ACCURACY OF NON-ENDOSCOPIC SCREENING FOR BARRETT'S ESOPHAGUS (BE) AMONG PATIENTS ELIGIBLE FOR BE SCREENING

Background: Using EsoCheck (EC), a non-endoscopic balloon device for sampling the distal esophagus, coupled with EsoGuard (EG), a DNA based testing screening for Barrett’s esophagus (BE), we have previously reported high sensitivity and specificity for detection of BE among patients with known BE compared with controls. We now utilized this screening method in the population at risk for developing BE and esophageal adenocarcinoma (ECA).
Aim: Determine the accuracy of EG/EC in patients eligible for BE screening.
Method: We recruited veterans who meet American College of Gastroenterology (ACG) Guideline criteria for endoscopic BE screening at our VA hospital. Study participants completed EC/EG followed by esophagogastroduodenoscopy (EGD). We compared the yield of guideline based screening with a theoretical strategy where patients have EC/EG, and only those with a positive result then have an EGD.
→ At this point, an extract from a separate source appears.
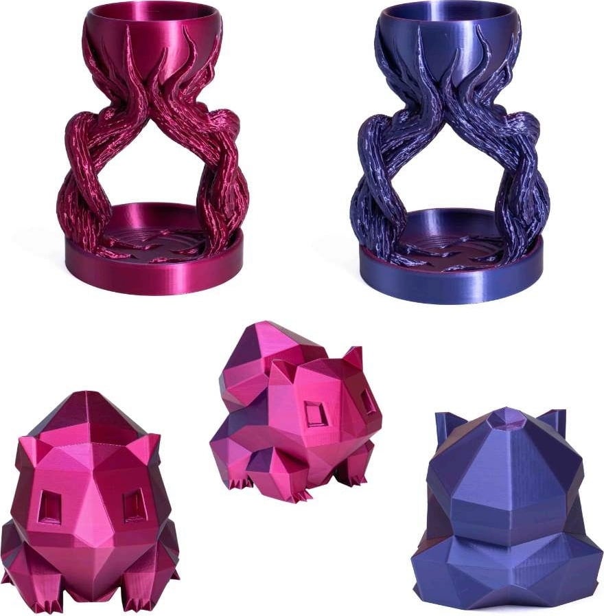 Prin cea mai avansată tehnologie de co-extrudare, PLA Silk Multicolor unește două sau chiar trei nuanțe de culoare într-un singur fir de filament. Astfel, se obțin tranziții fluide de culoare și efecte unice de sclipire, care se schimbă în funcție de unghiul de vizualizare. Fiecare imprimare devine astfel un exemplar unic, fie că este vorba de vaze, figuri, bijuterii sau accesorii decorative pentru casă.

Results: We enrolled 47 participants (89.3% male, median age 60.9 (SD 11.2)). 46/47 patients successfully swallowed the EC. In total, 10.6% (5/47) had an endoscopic diagnosis of BE. EC/EG was positive for 14 patients, negative for 23, and 9 patients did not have sufficient material for EG analysis. We found that 10.8% (4/37) patients had BE diagnosed by EGD, compared with 28.6% (4/14). There were no cases of BE diagnosed by endoscopy among patients with a negative EC/EG test. Compared with EGD the sensitivity and specificity of the test was 100% (95% CI 39.8% to 100%) and 69.7% (95% CI 51.3% to 84.4%), respectively. The PPV, NPV, and accuracy were 28.12% (95% CI 18.91% to 39.63%), 100.00%, 72.91% (95% CI 55.81% to 86.16%).
Conclusions: The performance of the EC/EG test was promising in the screening population and this study sets the ground for future larger trials of an EC/EG intervention for BE detection in the wider screening population.